--- Dataset records Enclosed Below ---

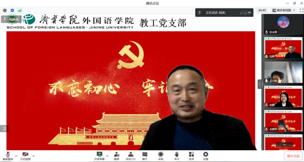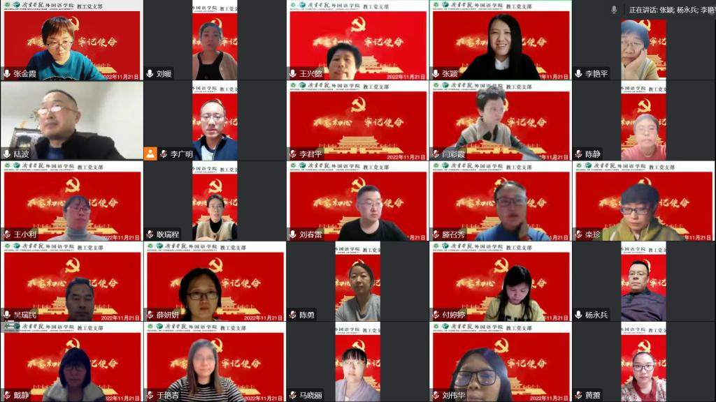 11月21日晚上7:30-8:30,mksport登录入口教工党支部在腾讯会议召开了全体党员会议,举办“书记讲党课”、重温入党誓词活动。mksport登录入口党委书记陆波、党委副书记许言强、教工党支部书记张颖及全体教工党员参加了学习交流会,会议由教工党支部书记张颖主持。
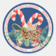 Here's a vintage-styled Christmas sticker with a blue background that spells out Merry Christmas and features candy canes, a gingerbread star, ornament, and pine cones and evergreen branches with holly berries. Fun to display on envelopes, cards, gifts, and more!
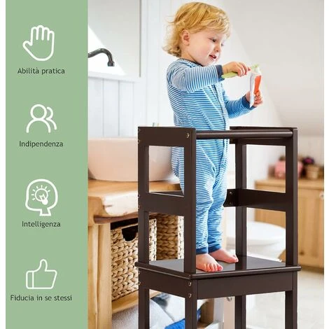 Grande aiuto: Il nostro sgabello può reggere un peso fino a 70 kg, quindi anche gli adulti possono usarlo. Il tuo bambino può “crescere” in altezza stando in piedi su di esso, rendendogli più facile lavarsi le mani, lavarsi i denti e aiutare i suoi genitori nelle faccende domestiche.
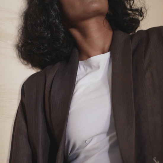 Effortless and chic. This Mahogany set includes an open overlay that's so easy to throw on and pyjama style baggy pants that's comfortable and stylish. The Overlay has a shawl collar and slant pockets in the front with delicate hand embroidery details for functionality and a beautiful highlight. The pants are high-waisted pants have a baggy silhouette, elastic waist, side slit pockets and a folded hem. Perfect for lounging at home or going to new places if you ask us.
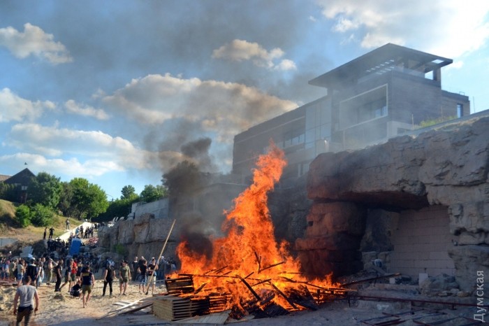 Отметим, что 10 июня активисты патриотических организаций Одессы снесли заграждения, закрывающие доступ на пляж «Хмельницкого-Саакашвили», на котором в последнее время шли строительные работы. В ходе демонтажа была небольшая потасовка с представителями охранного агентства, однако полиция оперативно погасила конфликт и задержала самых активных участников драки. В результате инцидента активисты собрали деревянные конструкции уже оборудованные на пляже строителями и сожгли.
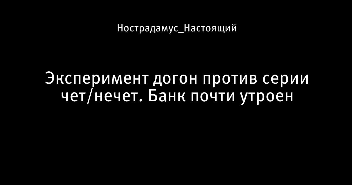 Эксперимент догон против серии чет/нечет. Банк почти утроен
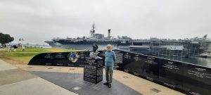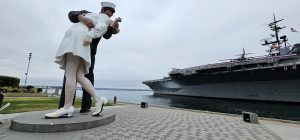 Gemi önünde meydanda ; Alfred Eisenstaedt‘in 1945 yılında New York, Time Square’de bir denizcinin bir hemşireyi öptüğünü gösteren fotoğrafından esinlenerek yapılmış “Koşulsuz Teslimiyet” heykeli yer alıyor. J. Seward Johnson’ın 7,5 metrelik eseri (Bu heykel, II. Dünya Savaşı’ndan kalma ünlü bir denizcinin hemşireyi öptüğü fotoğrafın yer aldığı bir heykel). Arka planda gün batımı veya USS Midway ile birlikte güzel ve ustaca yapılmış.
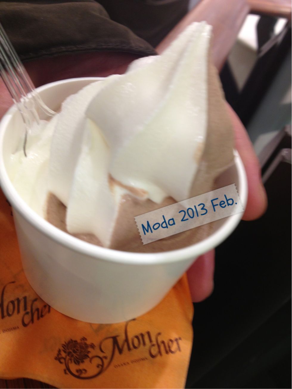 んまぁ、バレンタインだし、すごい人でした。 疲れた時でもあちこちで休憩できるのが、うめだ阪急の良いところ。 初めて、モンシェールのソフトクリーム(しかもミックス)をチョイスしてみました。 315円也。濃いチョコとあっさりミルク。プレーン(ミルクだけ)も頼めば良かったかなぁ(・・;)
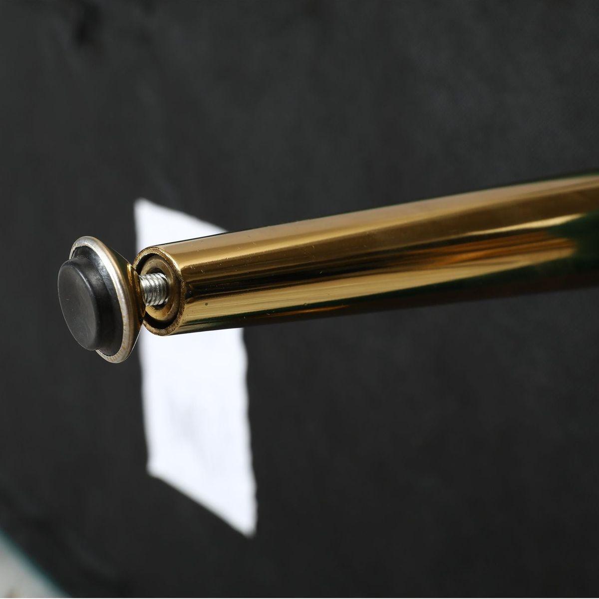 - The bench is supported by four metal legs finished in gold tone
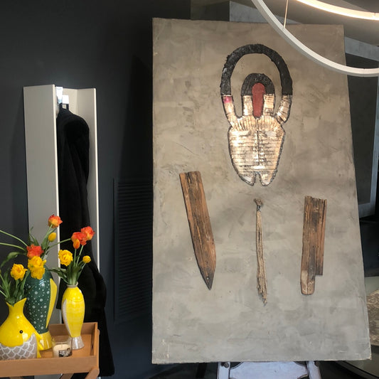 Paolo Fiorellini, quadro "Il Mago", Ecce Homo, alluminio, cemento, legno e smalto, 100x170adro "Latta Africana su
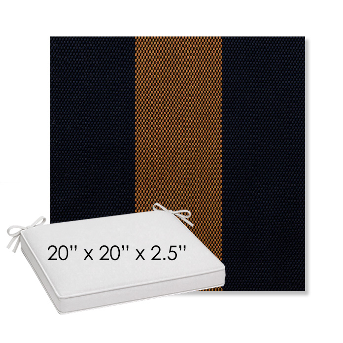 20" x 20" x 2.5" Thick outdoor dining chair seat cushion designed for a simple, ready-to-order fit. Features a boxed construction with piping, fabric ties, and zipper opening. Made in 700+ Sunbrella® fabrics for long-lasting outdoor performance.
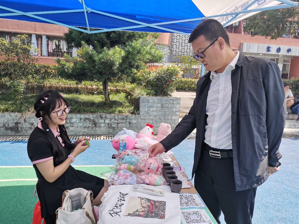 图8.王建东副校长到现场体验“心情集市”
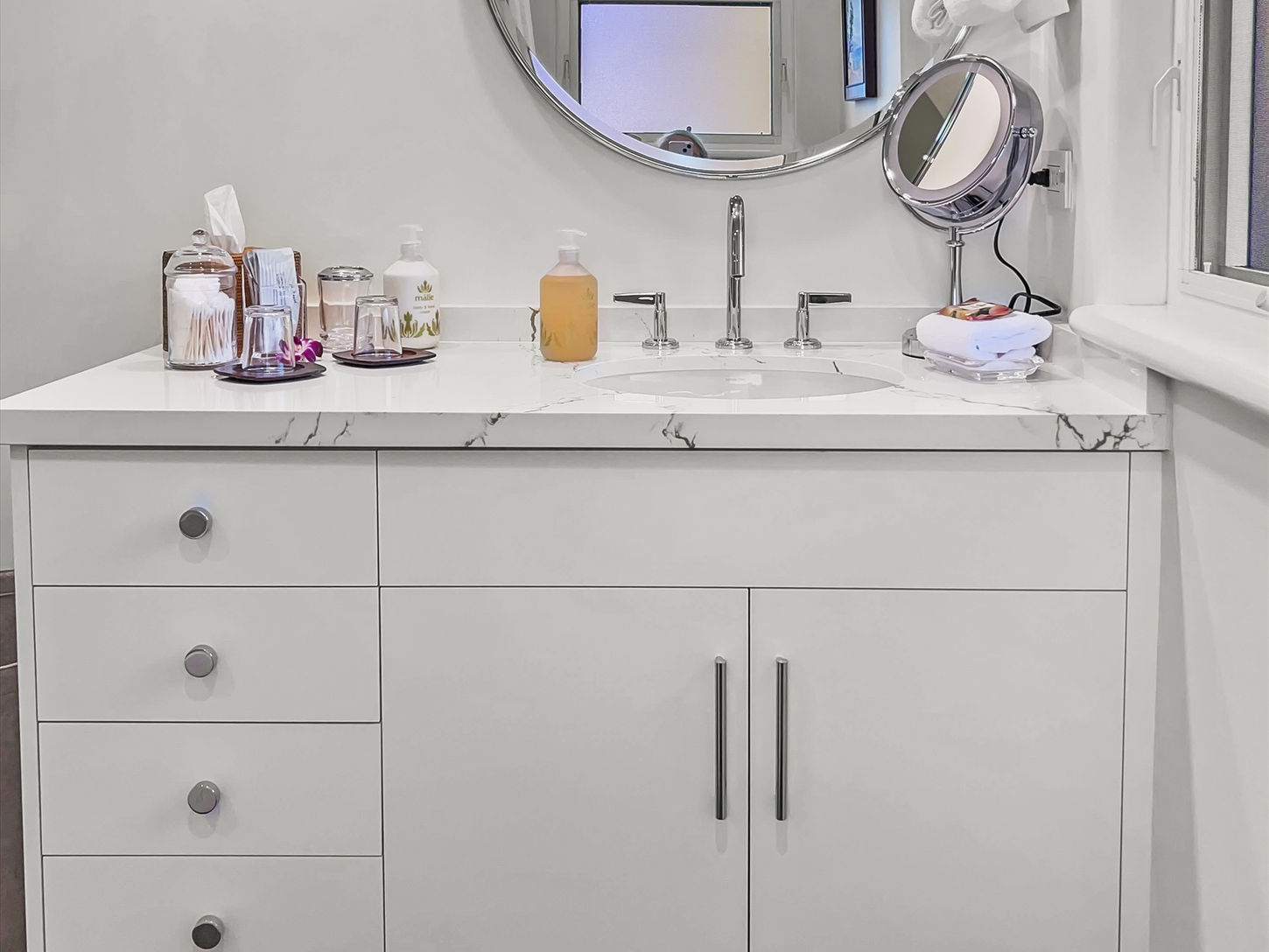 Inside, the home is designed for quiet connection. The light-filled great room and primary suite open to panoramic ocean views. The gourmet kitchen, fully equipped for the inspired home chef, flows seamlessly into spaces designed for shared meals and memorable conversation. Three serene bedrooms and two spa-quality bathrooms are outfitted with plush linens, thoughtful touches, and curated amenities, offering hotel-level comfort in the privacy of a private estate.
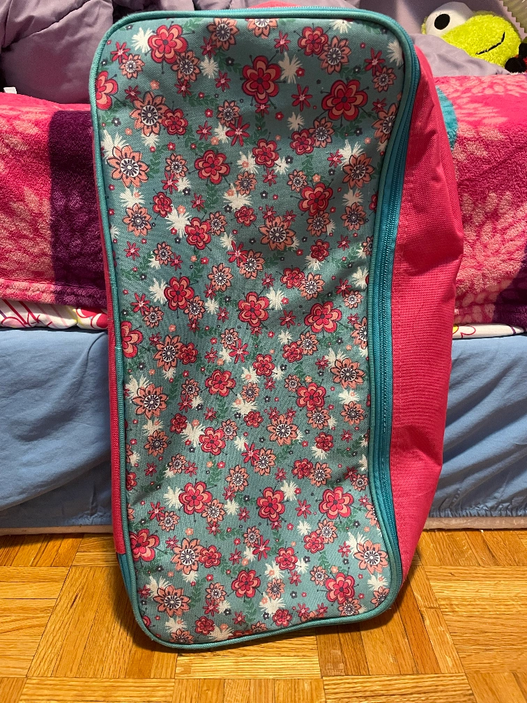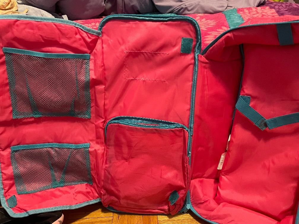 Doll travel bag — perfect for storing and carrying your doll and accessories! Features include: Soft padded interior to protect your doll Two mesh pockets for clothes and accessories One large zip compartment for shoes or extras Secure straps to hold doll in place Easy fold-and-carry design with handle and Velcro closures
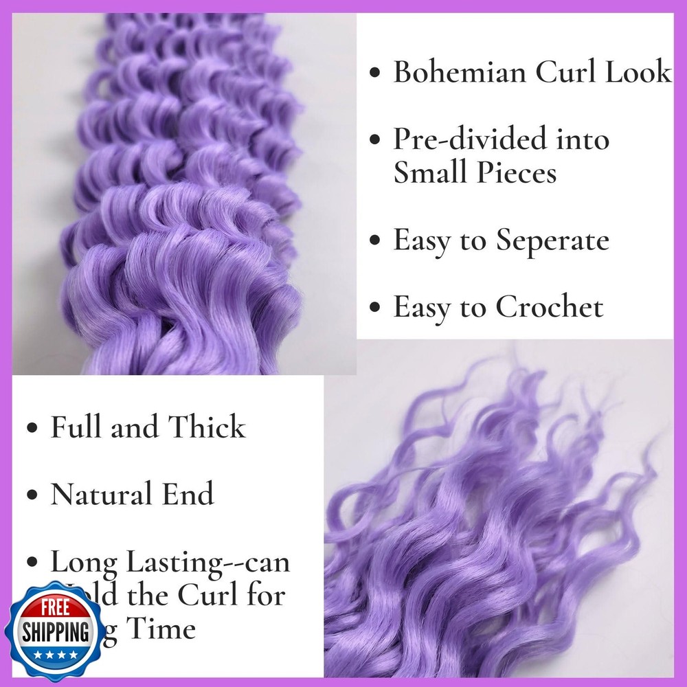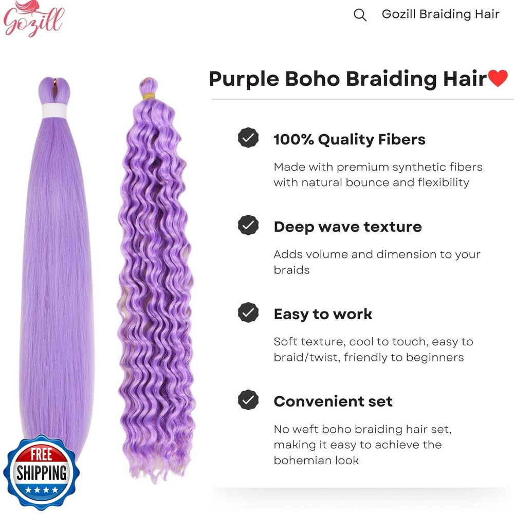 Light Purple Boho Braiding Hair Pre Stretched Knotless Boho Braids Hair Synthetic Deep Wave Crochet Hair for Women(6 Packs) Features Light Purple Boho Braiding Hair, There are 5 Packs Pre Stretched Braiding Hair and 1 Pack Deep Wave Boho Braiding Hair , Total 6 Packs Hair in One Package. The Synthetic Boho Hair Is Made With Quality Low Temperature Fibers, No Weft, Soft to Braid The Boho Braiding Hair Is Soft and Natural, Light Weight to Wear, the Colour Is Fade-resistant and Long-Lasting, Help You Get Charming Boho Braids Look Easily. Easy to Manage, Easy to Braid, Perfect for DIY Boho Braids, Goddess Braids,Knotless Box Braids, Ghana Braids or Creating Intricate or Elaborate Braided Styles. You Will Feel Amazing with the Gozill Synthetic Boho Braiding Hair Set, Try It Now Shipping Free & Fast Shipping: We offer free shipping to most of the USA with a normal delivery time of 3-7 days. However, due to the current situation, additional delivery time (up to 3 weeks) may be required for some items. Alternative Carriers: We may use alternative carriers (e.g., USPS, FedEx, UPS) to ensure your package arrives safely and on time. Due to the use of multiple carriers, we are unable to provide a tracking number automatically. Handling Time: Orders are processed and shipped within 1-2 business days of receiving cleared payment. Shipping Restrictions: Shipping to Alaska, Hawaii, Puerto Rico, Guam, and other US territories may incur shipping charges or delivery restrictions. Please contact us before ordering, or your order can be refunded/cancelled. State Restrictions: Certain items may not be shipped to California due to state regulations. Contact for Tracking Updates: If you require tracking updates or have any concerns about the delivery of your order, please feel free to contact us, and we will be happy to assist you. Return Policy 30-Day Hassle-Free Returns: If you are not completely satisfied with your purchase, you can return the item for free within 30 days of receiving it for a full refund or exchange. Easy Return Process: Contact us, and we will provide you with a prepaid return shipping label and detailed instructions. No Restocking Fee: There are no restocking fees for returns. However, the buyer is responsible for return shipping costs if the return is not due to a seller"s error. Refund Processing: Refunds will be processed within 1 business day of receiving the returned item in its original condition. Feedback Your feedback is extremely important to us. We strive to provide the best products and customer service possible. If you are satisfied with your purchase, please take a moment to leave us a positive review. If you have any concerns or issues with your order, please contact us before leaving negative feedback. We are committed to resolving any problems and ensuring your satisfaction. Contact Us If you have any questions or concerns, please feel free to reach out to our customer support team. You can contact us through the eBay messaging system. We are available Monday to Friday, 9:00 am to 5:00 pm EST, and we will do our best to respond to your inquiry within 24 hours. Thank you for supporting our small family business!
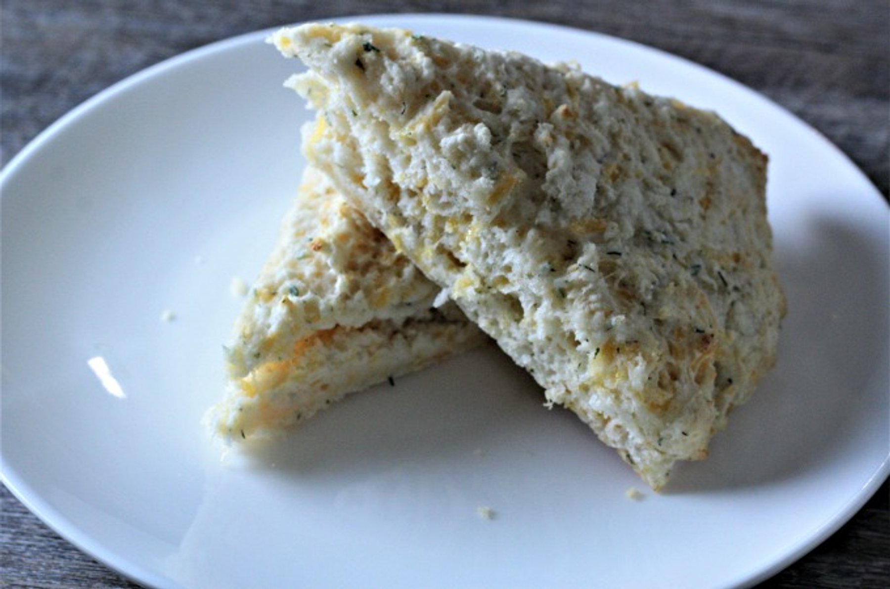 Cheese & Herbs Scones {Heart Smart} combine Bisquick, an egg, Greek yogurt, cheddar cheese, and dried herbs to make a fast and healthy addition to a meal.
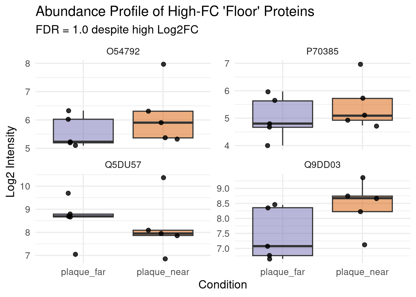 #filtered for top 4 logFC proteins with >0.99 FDRtarget_proteins <- res_df %>%filter(Label =="PlaqueNear_vs_PlaqueFar", adj.pvalue >0.99) %>%arrange(desc(abs(log2FC))) %>%slice_head(n =4) %>%pull(Protein)#read in msstats dataprocessed_data <-qs_read(file.path(objects_dir, "processed_msstats_data.qs2"))# extract their summarized abundances from the processed MSstats objectabundance_data <- processed_data$ProteinLevelData %>%filter(Protein %in% target_proteins) %>%# Filter to just the two conditions of interest for clarityfilter(GROUP %in%c("plaque_near", "plaque_far")) %>%group_by(Protein, GROUP, SUBJECT) %>%summarise(LogIntensities =mean(LogIntensities, na.rm =TRUE), .groups ="drop")#plot abundances#each dot represents the summarised abundance for a biological replicate p_abundance <-ggplot(abundance_data, aes(x = GROUP, y = LogIntensities, fill = GROUP)) +geom_boxplot(alpha =0.5, outlier.shape =NA) +geom_jitter(width =0.2, size =2, alpha =0.8) +facet_wrap(~ Protein, scales ="free_y") +theme_minimal(base_size =14) +scale_fill_manual(values =c("plaque_near"="#d95f02", "plaque_far"="#7570b3")) +labs(title ="Abundance Profile of High-FC 'Floor' Proteins",subtitle ="FDR = 1.0 despite high Log2FC",x ="Condition",y ="Log2 Intensity" ) +theme(legend.position ="none")# Print the plotprint(p_abundance)
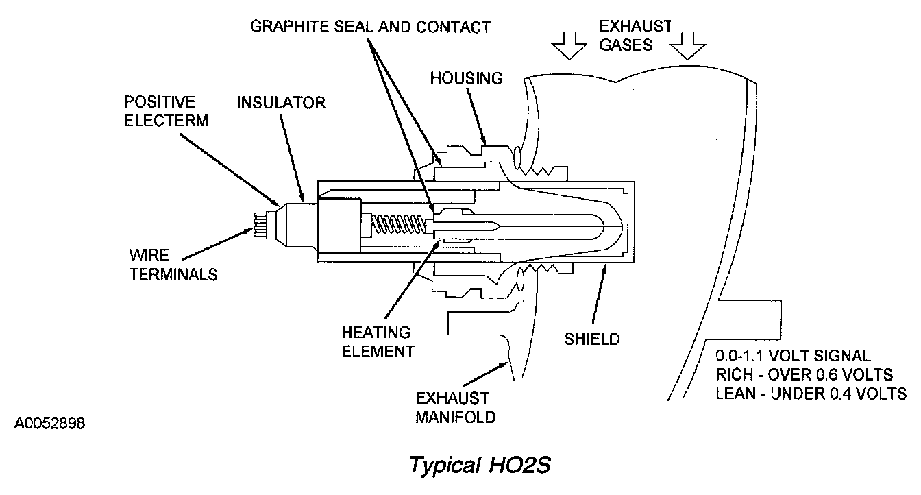 The HO2S detects the presence of oxygen in the exhaust and produces a variable voltage according to the amount of oxygen detected. A high concentration of oxygen (lean air/fuel ratio) in the exhaust produces a voltage signal less than 0.4 volt. A low concentration of oxygen (rich air/fuel ratio) produces a voltage signal greater than 0.6 volt. The HO2S provides feedback to the PCM indicating air/fuel ratio in order to achieve a near stoichiometric air/fuel ratio of 14.7:1 during closed loop engine operation. The HO2S generates a voltage between 0.0 and 1.1 volts.

--- End of Enclosed Dataset records ---

Repeat exactly the lines above, from the line that contains "- The bench" down through the line that contains "Paolo Fiorellini, quadro". Include both of those lines and none of the pictures.

Response to the exercise
 - The bench is supported by four metal legs finished in gold tone
 Paolo Fiorellini, quadro "Il Mago", Ecce Homo, alluminio, cemento, legno e smalto, 100x170adro "Latta Africana su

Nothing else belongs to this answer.